Data for processing:
-- -- --

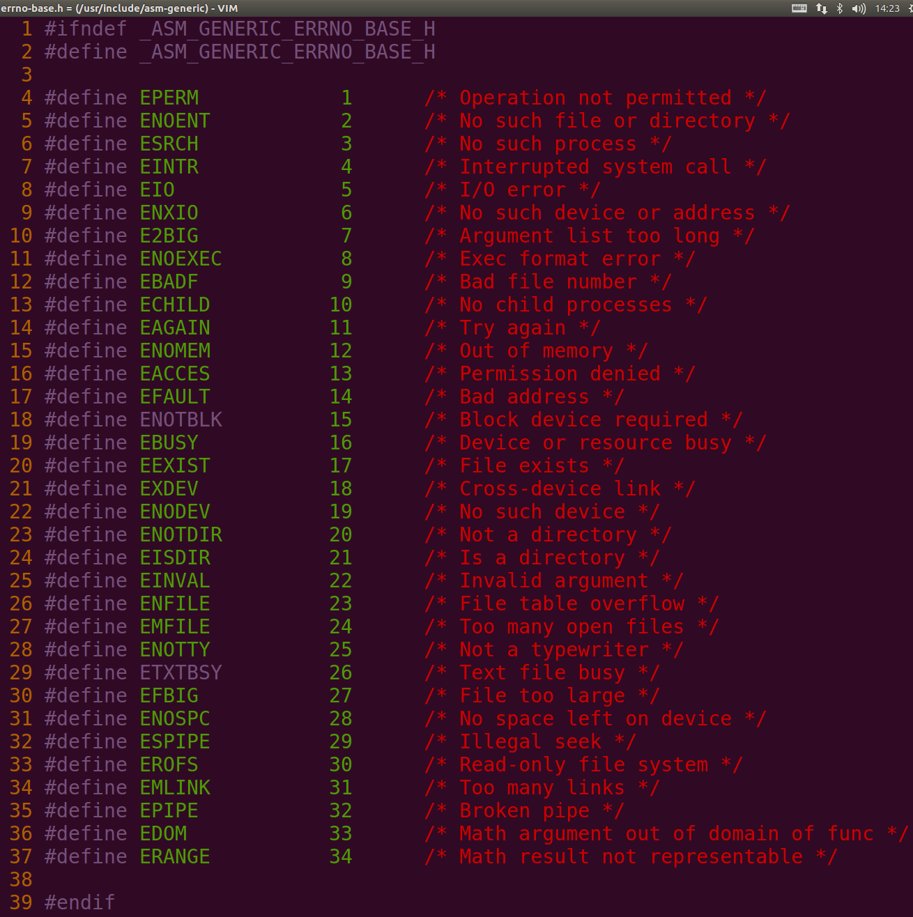 errno中存储了最近依次系统调用的错误编号 - 头文件
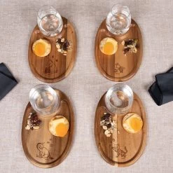 In which these charming Winnie the Pooh plates hold onto your beverage so you have a free hand to enjoy delicious appetizers or snacks. These genuine acacia wood plates have a cutout designed to hold a stemmed glass and a shallow lipped edge to keep tiny bites in place. (Glassware not included.) Elegant and durable, each plate features different art of Pooh, Piglet, Tigger and Eeyore that you and your guests are sure to love. Show of hands, please.
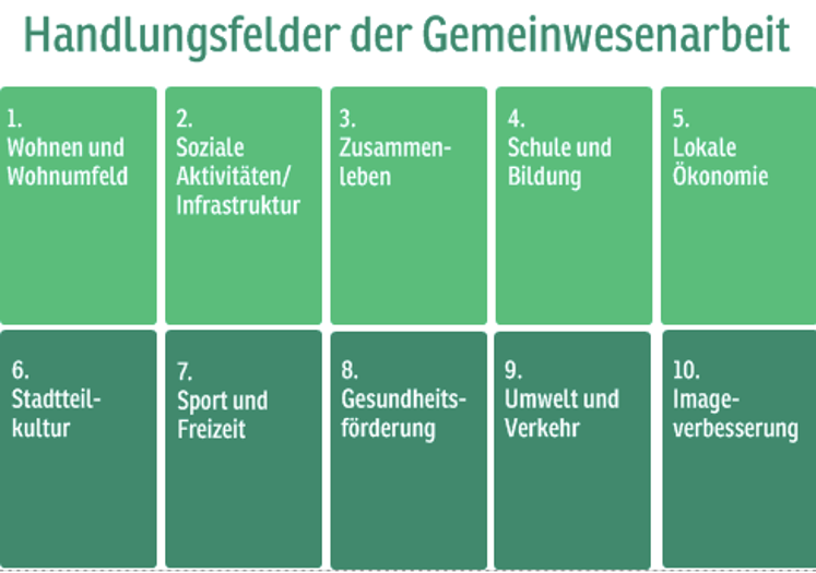 Gesundheitsförderung ist ein zentrales Handlungsfeld integrierter Kommunalentwicklung. Maßnahmen und Projekte, die im Rahmen von Gemeinwesenarbeit in den Quartieren umgesetzt werden und Gesundheitsförderung zum Ziel haben, orientieren sich vor allem daran, Gesundheitsressourcen und -potenziale zu stärken und so die Lebensbedingungen und Gesundheitschancen der Bewohner*innen zu verbessern. Gleichzeitig unterstützen Akteur*innen aus dem Fachgebiet der Gesundheitsförderung Kommunen und Lebenswelten dabei, gesundheitsfördernde Rahmenbedingungen vor Ort zu gestalten.
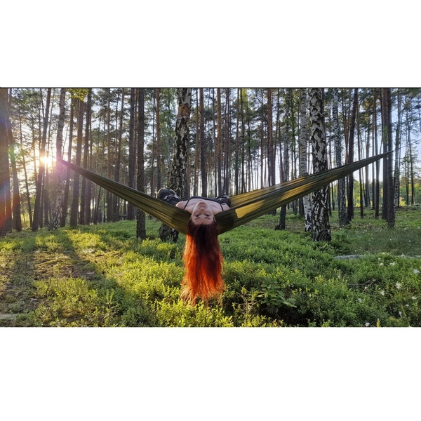 Wygodny i lekki hamak wyprodukowany przez firmę Bushmen. W komplecie posiada linki montażowe oraz siatkowa pojemna kieszeń, która jest także pokrowcem na hamak. Wykonany z nylonu spadochronowego, dzięki czemu nie chłonie wody oraz umożliwia swobodną cyrkulację powietrza. Jego wymiary pozwalają na wygodny wypoczynek bardzo wysokim osobom, usiąść lub po prostu się pobujać. Rozkładanie i składanie hamaka jest niezwykle łatwe. Potrójne szwy zapewniają wytrzymałość na obciążenia statyczne nawet do 200 kg. Jego wielkość po skanowaniu wynosi zaledwie 1 litr objętości.
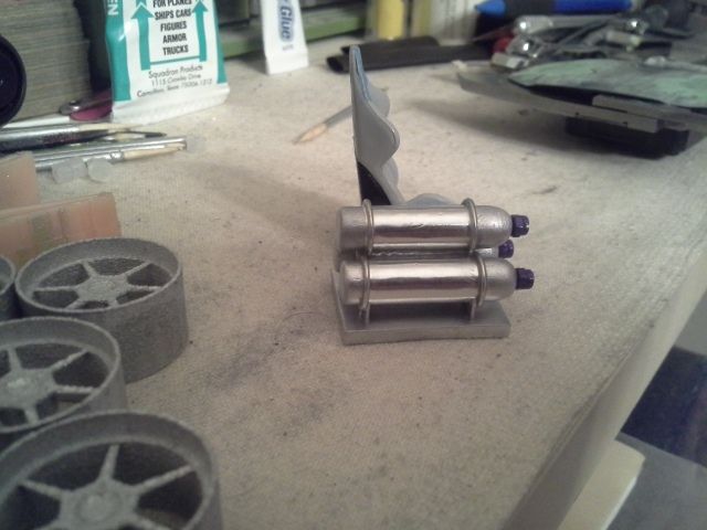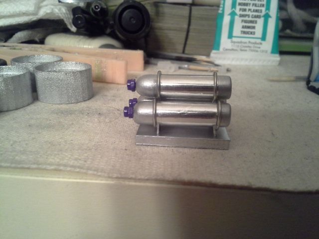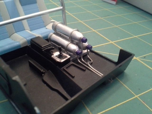 starting on finishing the interior. Tanks are made from wood dowel. Wrapped in silver tape and wires for the holders.
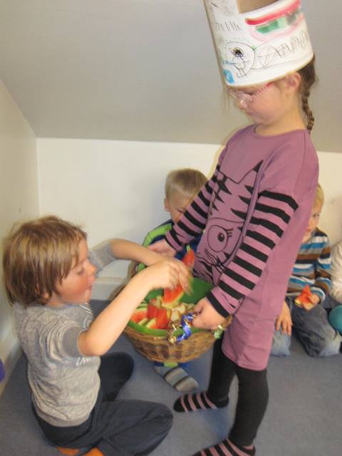 bauð svo öllum í Sólkoti upp á ávexti úr afmæliskörfunni.
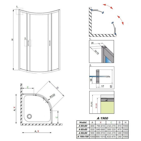 Душова кабіна Premium Plus A має класичну закруглену форму. Колекція Premium Plus характеризується популярними формами, високою функціональністю і естетикою технічних рішень. Колекція Premium Plus це хіт продажів через оптимального співвідношення ціни і якості. Кабіни серії Premium Plus допускається встановлювати як на піддони, так і безпосередньо на підлогу. Головна перевага душової кабіни Premium Plus A цедоступна ціна, а також різноманітність розмірів і варіантів стекол. При нестандартних розмірах простору для монтажу, можна використовувати розширювальні профілю +2 або +4 см для збільшення розміру душової кабіни.
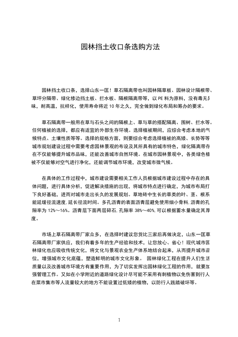 园林挡土收口条,选择山东一匡!草石隔离带也叫园林隔草板、园林设计隔根带、草坪分隔带、绿化修边挡土板、拦水板、隔根隔离带等,以PE料为原料,没有毒无异味,耐高温,抗样化,使用寿命将近10年之久,完全做到绿化布局和筹办的要求。

-- -- --

Exercise goal: Exact copy, pictures omitted: every line from the one holding "Wygodny i lekki" through the last line of the data above, and nothing else.

Completed task:
 Wygodny i lekki hamak wyprodukowany przez firmę Bushmen. W komplecie posiada linki montażowe oraz siatkowa pojemna kieszeń, która jest także pokrowcem na hamak. Wykonany z nylonu spadochronowego, dzięki czemu nie chłonie wody oraz umożliwia swobodną cyrkulację powietrza. Jego wymiary pozwalają na wygodny wypoczynek bardzo wysokim osobom, usiąść lub po prostu się pobujać. Rozkładanie i składanie hamaka jest niezwykle łatwe. Potrójne szwy zapewniają wytrzymałość na obciążenia statyczne nawet do 200 kg. Jego wielkość po skanowaniu wynosi zaledwie 1 litr objętości.
 starting on finishing the interior. Tanks are made from wood dowel. Wrapped in silver tape and wires for the holders.
 bauð svo öllum í Sólkoti upp á ávexti úr afmæliskörfunni.
 Душова кабіна Premium Plus A має класичну закруглену форму. Колекція Premium Plus характеризується популярними формами, високою функціональністю і естетикою технічних рішень. Колекція Premium Plus це хіт продажів через оптимального співвідношення ціни і якості. Кабіни серії Premium Plus допускається встановлювати як на піддони, так і безпосередньо на підлогу. Головна перевага душової кабіни Premium Plus A цедоступна ціна, а також різноманітність розмірів і варіантів стекол. При нестандартних розмірах простору для монтажу, можна використовувати розширювальні профілю +2 або +4 см для збільшення розміру душової кабіни.
 园林挡土收口条,选择山东一匡!草石隔离带也叫园林隔草板、园林设计隔根带、草坪分隔带、绿化修边挡土板、拦水板、隔根隔离带等,以PE料为原料,没有毒无异味,耐高温,抗样化,使用寿命将近10年之久,完全做到绿化布局和筹办的要求。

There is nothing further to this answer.